Chapter Summary

• Cell division is necessary for the reproduction, growth, and repair of organisms.

• Cell division must be initiated by a reproductive signal. Before a cell can divide, the genetic material (DNA) must be replicated and segregated to separate portions of the cell. Cytokinesis then divides the cytoplasm into two cells.

• In prokaryotes, most cellular DNA is a single molecule, a chromosome. Prokaryotes reproduce by binary fission. Review Figure 11.2

• In eukaryotes, cells divide by either mitosis or meiosis. In contrast to prokaryotes, eukaryotic cells have a distinct nucleus whose chromosomes are replicated prior to separating into two daughter cells.

• The eukaryotic cell cycle has two main phases: interphase, during which cells are not dividing and the DNA is replicating, and mitosis or M phase, when the cells are dividing.

• During most of the eukaryotic cell cycle, the cell is in interphase, which is divided into three subphases: S, G1, and G2. DNA is replicated during S phase. Mitosis (M phase) and cytokinesis follow. Review Focus: Key Figure 11.3

• Cyclin–Cdk complexes regulate the passage of cells through checkpoints in the cell cycle. Retinoblastoma protein (RB) inhibits the cell cycle at the restriction (R) point. One cyclin–Cdk functions by inactivating RB and allows the cell cycle to progress. Review Figures 11.4, 11.5

• External controls such as growth factors can stimulate the cell to begin a division cycle.

• In mitosis, a single nucleus gives rise to two nuclei that are genetically identical to each other and to the parent nucleus.

• DNA is wrapped around proteins called histones, forming beadlike units called nucleosomes. A eukaryotic chromosome contains strings of nucleosomes bound to proteins in a complex called chromatin. Review Figure 11.8

• At mitosis, the replicated chromosomes (sister chromatids) are held together at the centromere. Each chromatid consists of one double-stranded DNA molecule. During mitosis sister chromatids, attached by cohesin, line up at the equatorial plate and attach to the spindle apparatus. The chromatids separate (becoming daughter chromosomes) and migrate to opposite ends of the cell. Review Figures 11.9, 11.10, Activities 11.1, 11.2

• Mitosis can be divided into several phases called prophase, prometaphase, metaphase, anaphase, and telophase.

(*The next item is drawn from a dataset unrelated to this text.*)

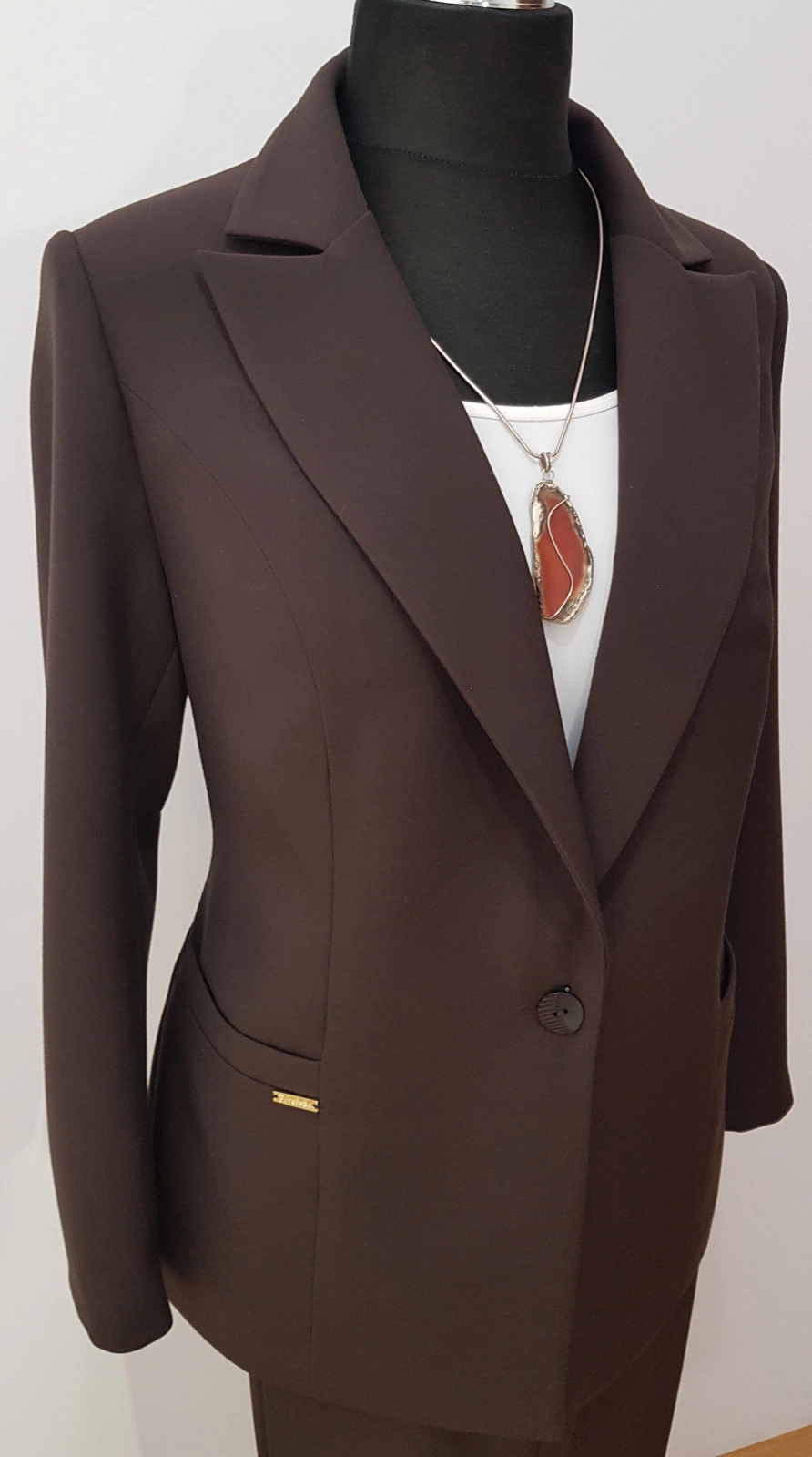 Bardzo ładny biznesowy żakiet uszyty z tkaniny kostiumowej ,, Jaguar " w kolorze brązowym.

• Nuclear division is usually followed by cytokinesis. Animal cell cytoplasms divide via a contractile ring made up of actin microfilaments and myosin. In plant cells, cytokinesis is accomplished by vesicles that fuse to form a cell plate. Review Figure 11.12

• Asexual reproduction produces clones, new organisms that are genetically identical to the parent. Any genetic variation is the result of changes in genes.

• In sexual reproduction, two haploid gametes—one from each parent—unite in fertilization to form a genetically unique, diploid zygote. Sexual life cycles can be haplontic, diplontic, or involve alternation of generations. Review Figure 11.14, Activity 11.3

• In non-haplontic sexually producing organisms, certain cells in the adult undergo meiosis to produce gametes, each of which contains one copy of each of the homologous chromosome pairs of the organism.

• Meiosis consists of two nuclear divisions, meiosis I and meiosis II, that reduce the chromosome number from diploid to haploid. Meiosis ensures that each haploid cell contains one member of each chromosome pair, and results in four genetically diverse haploid cells, usually gametes. Review Figure 11.15, Activity 11.5

• In meiosis I, entire chromosomes, each with two chromatids, migrate to the poles. In meiosis II, the sister chromatids separate.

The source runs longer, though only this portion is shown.